Она указала щепотью на собственную руку.
— Хлли-э?
— Рука.
— Рру-хха.
— Рука.
— Руу-хха.
— Хлли-э?
— Голова.
— Гллауа.
— Да, голова.
— Да, глла-уа. Ахллим руу-хха. Руу-хха Ленань. И руухха Ви-али.
— Да ты какая у меня способная, — умилился Ларькин. — Только знаешь, что? Как бы нам отсюда выбраться. Уйти отсюда, понимаешь? — Он пробежал пальцами правой руки по ладони левой. — Идти, понимаешь? Уходить.
— Ид-йи? Ухх-ади?
Она повторила его маленькое представление, а потом резко развела ладони в стороны.
— Что значит? Нельзя? Никак? — Виталий еще раз пробежался пальцами по руке, а потом как будто обрубил бегущего человечка ребром ладони.
— Нельйа.
Она поднялась на ноги и пошла в дальний угол комнаты. Потом обернулась и поманила к себе Виталия.

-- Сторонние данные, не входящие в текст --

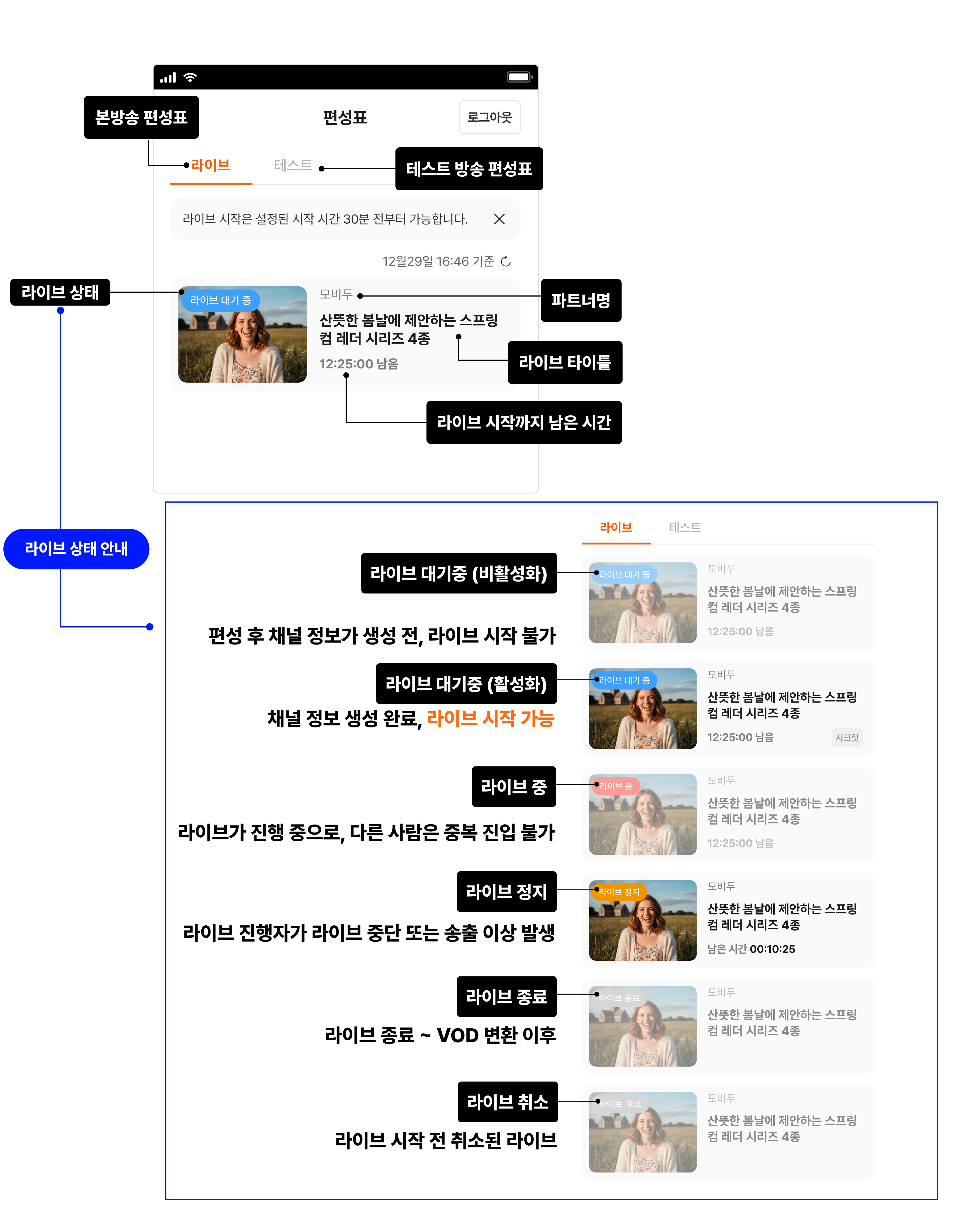 - 라이브 취소: 예정된 시작 시간 이후 30분이 지나도록 송출 없다면 자동 취소 처리

— Ид-йи. Ид-йи аль-Ленань.
Виталий подошел. Она указывала рукой на довольно-таки широкий лаз в скрытой за изгибом стены нише. В глубине лаза, примерно метрах в полутора от пола, плескалась вода.
— Вода, — сказал Ларькин и сделал вид, что пьет.
— Вада, — неожиданно чисто ответила Ленань. — Эххамма ид-йи. Вада. Ухх-ади ниххахх.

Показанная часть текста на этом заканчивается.